Saved data entries
· · ·

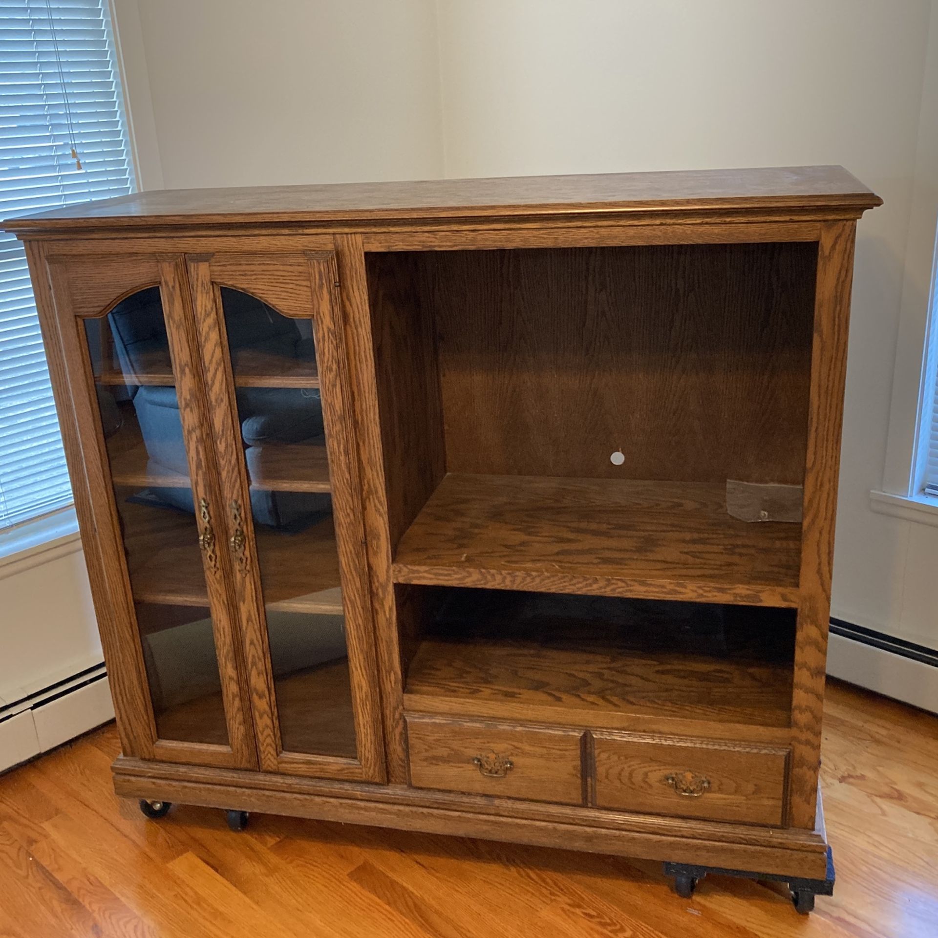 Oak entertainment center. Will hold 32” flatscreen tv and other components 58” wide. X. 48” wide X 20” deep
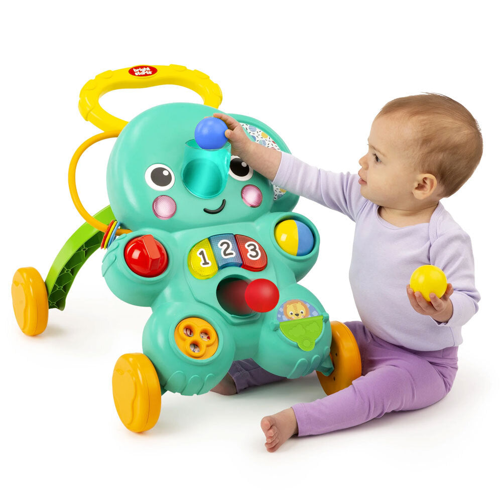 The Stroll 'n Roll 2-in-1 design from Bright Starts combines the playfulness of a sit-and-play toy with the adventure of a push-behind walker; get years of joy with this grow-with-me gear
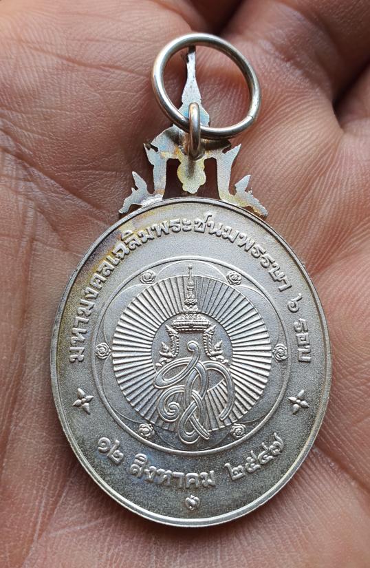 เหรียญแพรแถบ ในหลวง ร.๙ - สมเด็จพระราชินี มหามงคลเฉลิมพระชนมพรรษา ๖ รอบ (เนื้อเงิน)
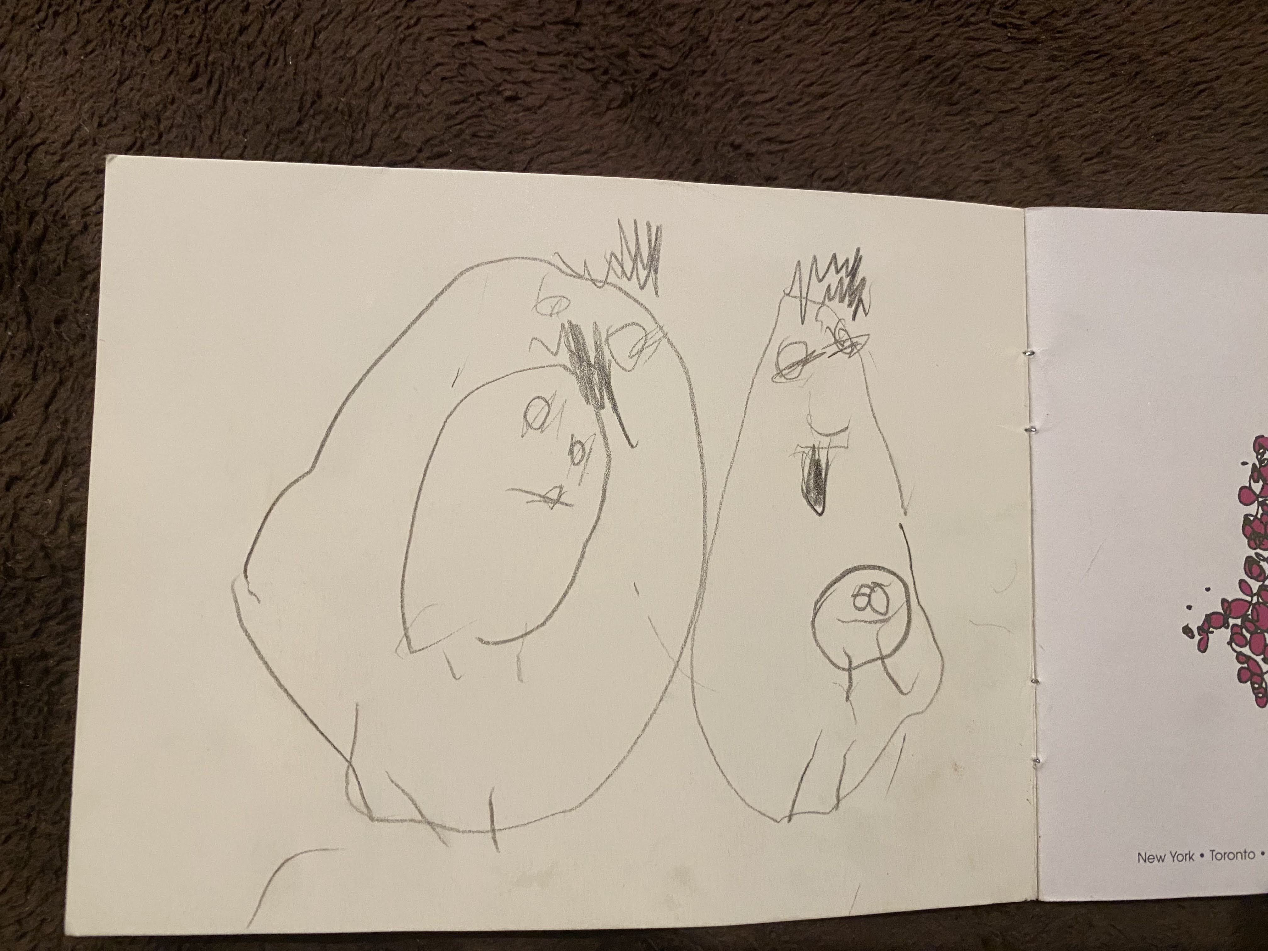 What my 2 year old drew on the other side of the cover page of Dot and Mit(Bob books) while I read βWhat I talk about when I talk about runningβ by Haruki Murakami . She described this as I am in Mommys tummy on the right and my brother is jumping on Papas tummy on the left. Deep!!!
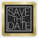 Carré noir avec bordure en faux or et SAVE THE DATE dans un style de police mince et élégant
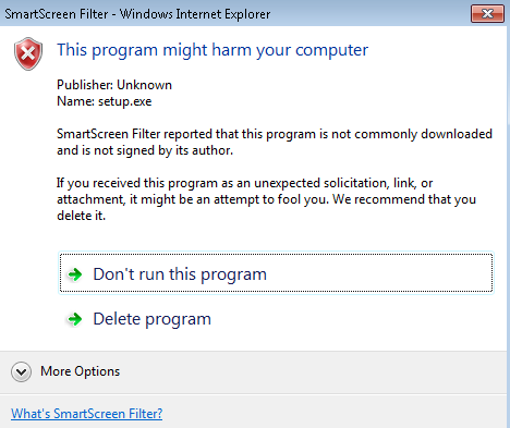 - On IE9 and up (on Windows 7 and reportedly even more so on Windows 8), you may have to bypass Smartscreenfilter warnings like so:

· · ·

Repeat the data in full and exactly. Omit pictures.

 Oak entertainment center. Will hold 32” flatscreen tv and other components 58” wide. X. 48” wide X 20” deep
 The Stroll 'n Roll 2-in-1 design from Bright Starts combines the playfulness of a sit-and-play toy with the adventure of a push-behind walker; get years of joy with this grow-with-me gear
 เหรียญแพรแถบ ในหลวง ร.๙ - สมเด็จพระราชินี มหามงคลเฉลิมพระชนมพรรษา ๖ รอบ (เนื้อเงิน)
 What my 2 year old drew on the other side of the cover page of Dot and Mit(Bob books) while I read βWhat I talk about when I talk about runningβ by Haruki Murakami . She described this as I am in Mommys tummy on the right and my brother is jumping on Papas tummy on the left. Deep!!!
 Carré noir avec bordure en faux or et SAVE THE DATE dans un style de police mince et élégant
 - On IE9 and up (on Windows 7 and reportedly even more so on Windows 8), you may have to bypass Smartscreenfilter warnings like so:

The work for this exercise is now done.